Hope you got the PM I sent you with the info I sent you on the cabin..


----------



## RonM (Jan 6, 2008)

I have not, send it to [email protected]


----------



## Stonybrook (Sep 22, 2007)

I know someone wanting to sell a camp on the Buffalo River in MO. Sure you aren't interested in MO?


----------



## oldasrocks (Oct 27, 2006)

For 50K you can camp in my front yard. We even have a pond full of fish.


----------



## Helena (May 10, 2002)

I'll send you the info here..The web site is www. [email protected] phone number is 1-570-324-3000 or 570-220-5893. Connelly Real Estate.. The # of the cabin was 1045. It is located in the Liberty, PA area of up north central PA..Price was $69,000 with taxes around $500... but think they have a few for even less $ with less acres as this one had 6 acres within state game land and lakes for fishing. ( Also, the Finger Lakes of NY are within driving distance too.) New construction ..a shell..with a well newly dug and capped on the property..OK'd for a sand mound septic or..an out house even. It is a nice area. I would defiantly ask about the mineral rights on this property as the gas wells are becoming a very big adventure for this area. Check and see if they are near you etc. Best of Luck !!


----------



## RonM (Jan 6, 2008)

Thanks for the info I know where Liberty is, not far from the Turkey Ranch, I have hunted up that way....


----------



## RonM (Jan 6, 2008)

After all this flooding in Pa. might be able to buy one cheap, because I am sure a lot of them got washed away, sure hope not, hate to see all that property damage....


----------



## Mike CHS (Apr 3, 2011)

Stonybrook said:


> I know someone wanting to sell a camp on the Buffalo River in MO. Sure you aren't interested in MO?

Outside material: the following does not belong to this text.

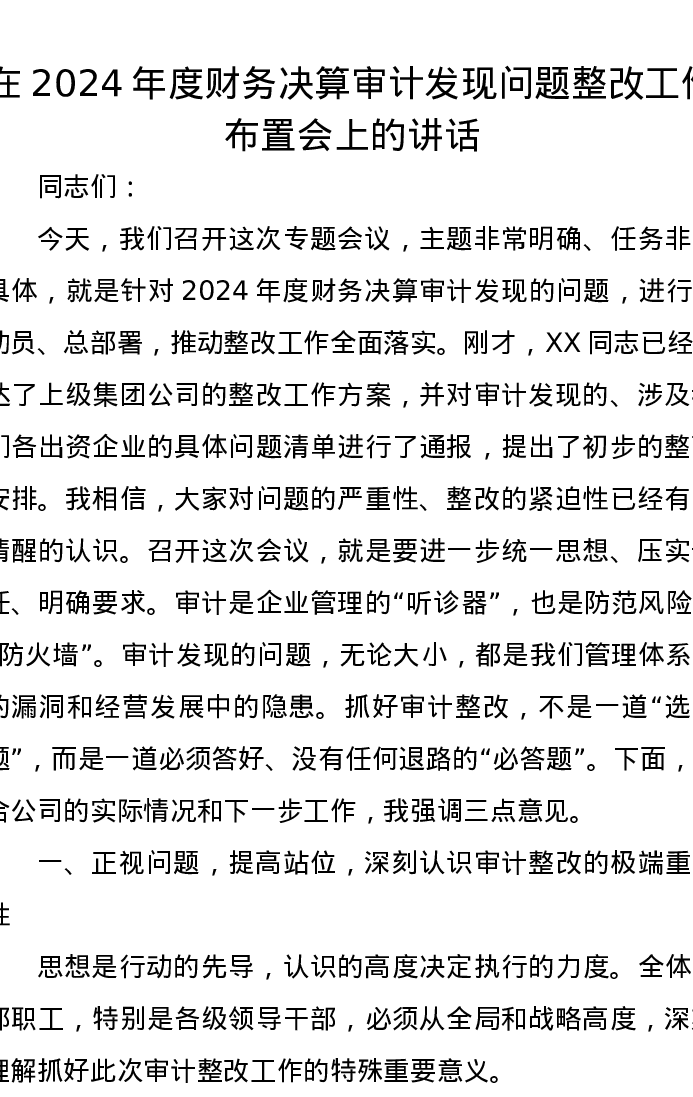 在2024年度财务决算审计发现问题整改工作布置会上的讲话

I would be interested in a few details. I'm just starting to look so don't have a firm idea where I want to wind up at.


----------



## Stonybrook (Sep 22, 2007)

If you will pm me, I will send you the contact information. I don't think it has been sold yet, but I have not talked with them since around the middle of summer. They also have property for sale.


----------